= Twinning (roads) =

Road that involves the construction of a similar road

Twinning a road involves the construction of a similar or identical parallel road. It is usually done when an existing highway requires a significant increase in capacity. Twinning is frequently advantageous because it allows traffic capacity to be doubled and produces a dual carriageway with separation between traffic directions and keeps the existing right of way. Additionally, unlike simple widening, twinning has minimal construction impact for traffic on the old road while the twin is being built.
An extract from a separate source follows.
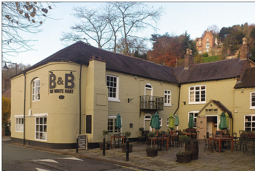
Fig. 6. One of restaurants and accommodation facilities in Ironbridge Town.

Moreover, the Ironbridge Gorge is an important tourist destination generating substantial income for local business. On the TripAdvisor website, we can find over 6300 reviews of the Ironbridge Heritage Site (January 2015.). It is estimated that the Ironbridge Trust generates around £20m of income annually, which is a part of the visitor economy of Shropshire area. ( http://www.ironbridge.org.uk/about-us/ironbridge-gorge-museum-trust/facts-and-figures/ ). According to http://www.ironbridgeguide.info/ , there are 17 different accommodation facilities, 5 main shopping areas, and 10 large restaurants and pubs serving tourist services in the Ironbridge Gorge (Fig. 6).

Some freeways are constructed by bypassing an established two- or four-lane highway. The older highways, constructed before travel demand on those routes was high or before the legislation of control of access are often lined with residences, businesses, and farms. Without control of access, a municipal, state, or provincial government is obliged to provide a driveway access where the owner sees fit. In practice, road twinning projects are usually impractical in more populated regions and are more typically done through non-agricultural corridors (except in cases where the twinned highway is not grade-separated and allows driveway access) with fewer settlements and have sections of new bypasses built around the settlements that do exist.

The bypass (or sometimes an entirely-new highway) may be initially designed as a freeway, but often, the need for such a route is not immediately present. Instead, a two-lane road with no properties abutting it is constructed. A wide right-of-way is purchased in most cases so that enough property is available to simply twin the highway. Such roads are known as a Super Two and can be easily upgraded to a freeway by constructing interchanges and by twinning the road.

Twinning is often a public preference to reduce the dangers of overcrowded two-lane single carriageways, like sections of the Trans-Canada Highway.